- AIM OF THE TASK
Look in the material below for the line holding "トップにボリュームを持たせる". Set it down exactly, with each later line up to and including the line holding "Banque du Canada".

··· RECORDS FOR THE EXERCISE ···

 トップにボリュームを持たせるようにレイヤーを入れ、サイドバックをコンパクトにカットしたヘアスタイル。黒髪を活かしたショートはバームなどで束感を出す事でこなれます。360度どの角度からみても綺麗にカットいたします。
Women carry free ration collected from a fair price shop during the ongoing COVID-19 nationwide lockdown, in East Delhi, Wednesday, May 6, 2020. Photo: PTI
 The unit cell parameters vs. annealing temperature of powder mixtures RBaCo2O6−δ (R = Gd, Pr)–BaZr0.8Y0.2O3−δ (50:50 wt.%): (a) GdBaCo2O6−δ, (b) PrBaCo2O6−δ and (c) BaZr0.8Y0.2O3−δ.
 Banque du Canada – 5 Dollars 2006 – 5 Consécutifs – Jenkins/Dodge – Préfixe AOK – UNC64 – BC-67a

···
··· RECORDS FOR THE EXERCISE ···

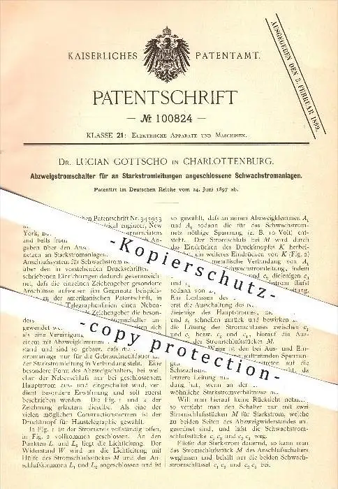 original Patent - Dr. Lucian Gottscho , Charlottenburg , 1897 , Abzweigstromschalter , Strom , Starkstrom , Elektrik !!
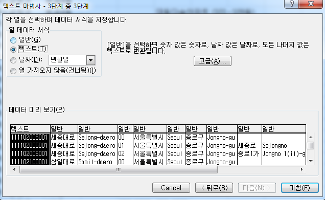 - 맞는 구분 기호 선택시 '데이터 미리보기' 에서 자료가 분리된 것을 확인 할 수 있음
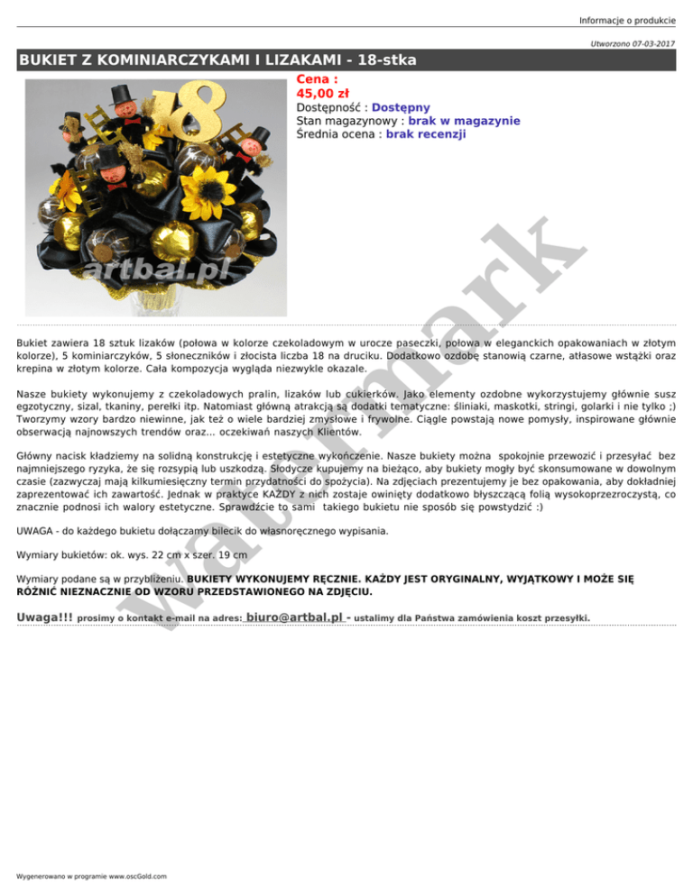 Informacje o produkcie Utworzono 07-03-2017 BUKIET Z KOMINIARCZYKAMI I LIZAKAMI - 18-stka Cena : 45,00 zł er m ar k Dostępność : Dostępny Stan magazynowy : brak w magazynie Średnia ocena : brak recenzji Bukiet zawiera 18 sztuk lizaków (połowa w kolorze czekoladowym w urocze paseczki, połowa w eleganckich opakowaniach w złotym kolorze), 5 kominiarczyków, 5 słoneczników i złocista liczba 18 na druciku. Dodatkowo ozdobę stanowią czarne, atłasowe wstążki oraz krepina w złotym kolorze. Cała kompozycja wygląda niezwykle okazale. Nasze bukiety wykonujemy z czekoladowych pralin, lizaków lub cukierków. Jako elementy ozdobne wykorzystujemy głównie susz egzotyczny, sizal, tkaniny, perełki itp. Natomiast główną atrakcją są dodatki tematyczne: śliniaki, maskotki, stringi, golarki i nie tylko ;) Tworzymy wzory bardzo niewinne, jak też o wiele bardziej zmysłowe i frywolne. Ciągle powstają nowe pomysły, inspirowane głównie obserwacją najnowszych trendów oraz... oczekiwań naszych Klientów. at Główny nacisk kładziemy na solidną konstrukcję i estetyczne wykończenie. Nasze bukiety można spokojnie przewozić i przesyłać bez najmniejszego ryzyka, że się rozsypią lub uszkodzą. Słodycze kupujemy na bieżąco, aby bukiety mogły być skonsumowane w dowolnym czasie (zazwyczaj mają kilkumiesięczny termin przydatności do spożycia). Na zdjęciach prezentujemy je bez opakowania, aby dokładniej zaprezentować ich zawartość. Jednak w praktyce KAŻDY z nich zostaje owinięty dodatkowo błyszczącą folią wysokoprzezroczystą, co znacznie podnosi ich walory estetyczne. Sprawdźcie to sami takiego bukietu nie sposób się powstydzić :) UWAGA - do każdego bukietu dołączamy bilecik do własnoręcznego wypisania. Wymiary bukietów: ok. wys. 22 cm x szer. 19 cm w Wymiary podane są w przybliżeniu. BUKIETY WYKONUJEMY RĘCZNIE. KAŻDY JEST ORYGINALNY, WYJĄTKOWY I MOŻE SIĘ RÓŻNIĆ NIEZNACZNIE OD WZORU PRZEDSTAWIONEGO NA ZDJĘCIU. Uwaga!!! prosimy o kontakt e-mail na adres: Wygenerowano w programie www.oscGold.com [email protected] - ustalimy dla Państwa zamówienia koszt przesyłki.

···

- WRITTEN RESPONSE
 トップにボリュームを持たせるようにレイヤーを入れ、サイドバックをコンパクトにカットしたヘアスタイル。黒髪を活かしたショートはバームなどで束感を出す事でこなれます。360度どの角度からみても綺麗にカットいたします。
Women carry free ration collected from a fair price shop during the ongoing COVID-19 nationwide lockdown, in East Delhi, Wednesday, May 6, 2020. Photo: PTI
 The unit cell parameters vs. annealing temperature of powder mixtures RBaCo2O6−δ (R = Gd, Pr)–BaZr0.8Y0.2O3−δ (50:50 wt.%): (a) GdBaCo2O6−δ, (b) PrBaCo2O6−δ and (c) BaZr0.8Y0.2O3−δ.
 Banque du Canada – 5 Dollars 2006 – 5 Consécutifs – Jenkins/Dodge – Préfixe AOK – UNC64 – BC-67a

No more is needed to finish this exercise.